Shortly before expiry of the patent covering Gaviscon Liquid, Reckitt launched a new formulation, Gaviscon Advance, which was protected by a further patent.  At around the same time, Reckitt withdrew Gaviscon Liquid from the database of prescription NHS drugs.  Had the product not been withdrawn, the OFT concluded that it would have been easier for doctors to prescribe generic versions of Gaviscon Liquid.  Instead, most patients were transferred onto the new Gaviscon Advance product for which there was no generic alternative, and which therefore resulted in higher costs for the NHS.  Consequently, the OFT concluded that Reckitt Benckiser had abused a dominant position. 

A focus of the recent CMA review was whether the OFT would have achieved greater impact had the investigation been concluded earlier.  The CMA’s conclusion was that any intervention would have had to take place very shortly after the withdrawal if it were to have had any greater impact.  Such an outcome would be difficult to achieve in practice, since competition investigations are usually complaints-based rather than the result of continuous monitoring.  Vast resources would be required to monitor the country’s economy in this way – such an approach would be disproportionate to any gain.

So much for the CMA’s introspection.  Of particular interest to companies active in the pharmaceutical sector is the fact that the CMA places an increasing emphasis on intelligence-led enforcement.

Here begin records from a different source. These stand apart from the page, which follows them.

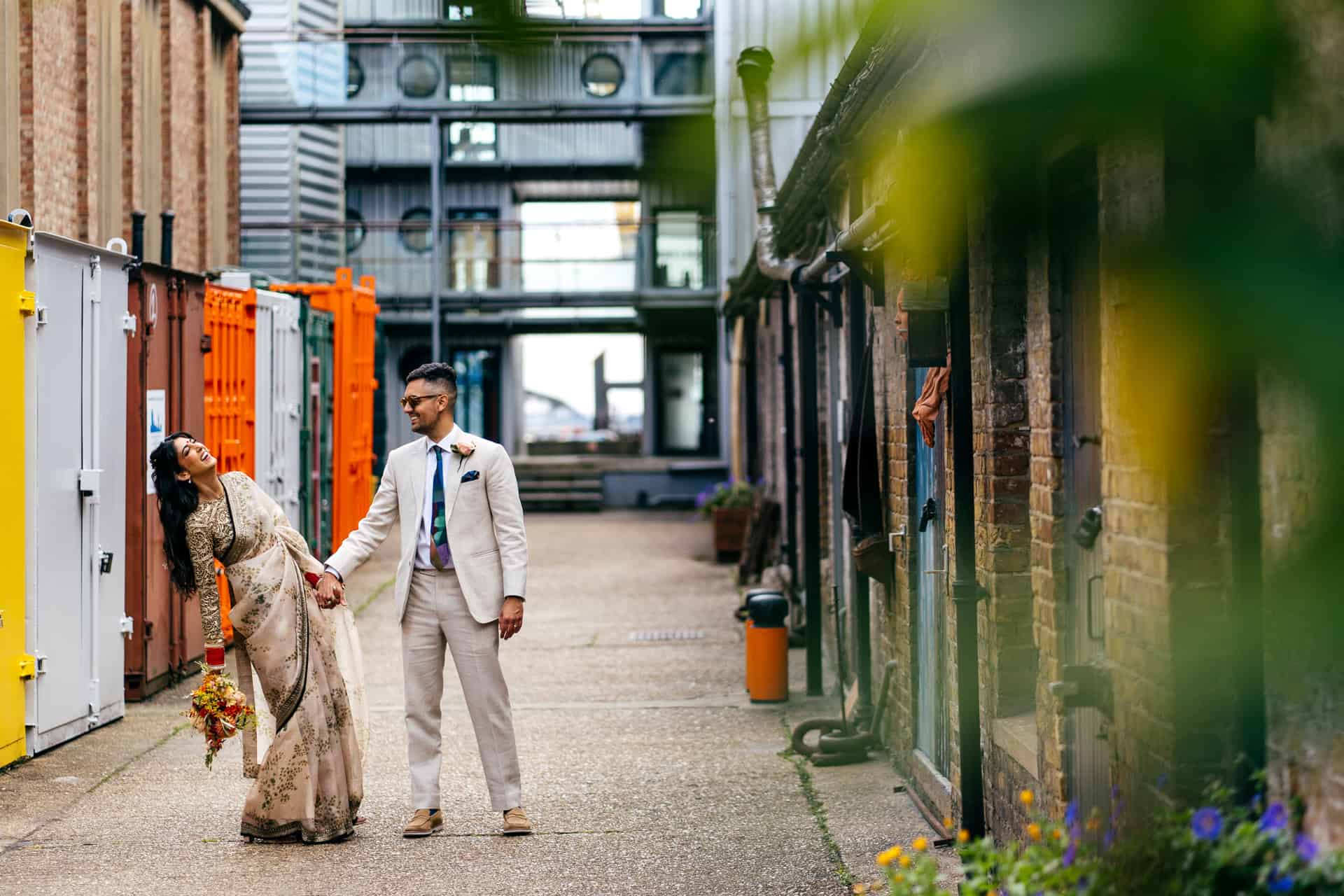 I’ve photographed lots of weddings at Trinity Buoy Wharf over the years, so I know it like the back of my hand. There are some amazing places for colourful and beautiful photos, so do not worry. I’ve gotcha!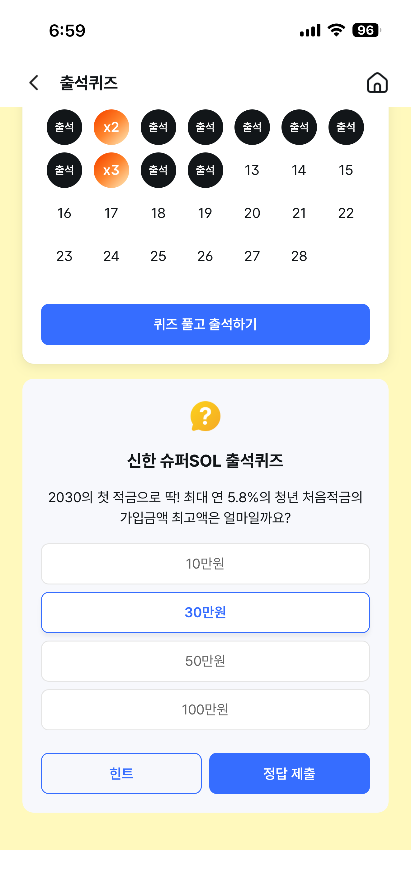 신한 슈퍼SOL 출석퀴즈 정답은 30만원 입니다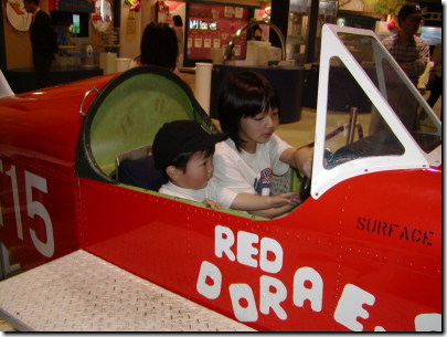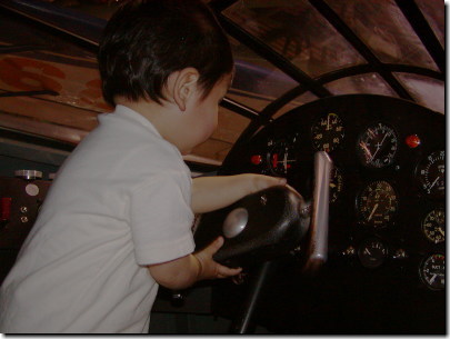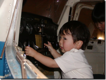 館内に展示されている飛行機の操縦席でパイロット気分を味わう恵太

While the CMA’s main targets are cartels, the evaluation of the Reckitt decision suggests that “there could be merit in taking a more proactive approach to monitoring drug markets when originator drugs go off patent”.  This would be of concern to the innovative pharmaceutical industry.  Coupled with the recent reduction in the standard for interim measures to be imposed by the CMA, this is an area where increased vigilance may be needed.  

While the CMA is pondering how to react to drugs going off-patent, Parliament is considering the same topic.  The Off-Patents Drugs Bill is due to continue its second reading in the Commons later this week (due on 4 December 2015).  If the Bill were to pass, the Secretary of State for Health would be required to take steps to secure licences for off-patent drugs in relation to new indications.  NICE would then conduct a technology appraisal.  If NICE recommends the drug for the new indication, the relevant health bodies would provide funding to ensure the drug is available for patients.  

However, the chances are that the bill won’t make it to the statute books. It’s the second time that MPs have tried to pass the Bill in little over a year – its second reading was adjourned last month, and the Bill was abandoned in the last parliamentary term due to lack of support.  Perhaps part of the problem is that little thought appears to have been given to the interaction between legislation of this kind and other patent protection which may be available for new indications.  Indeed, for many drugs, the expiry of the main chemical compound patent does not mean that there is no longer any relevant patent protection.  It is unclear how this bill would apply if there are already second medical use patents in play, or other forms of continuing protection.  Nevertheless, the bill’s promotion by a number of medical charities demonstrates the continued and understandable desire for cost-effective new medicines.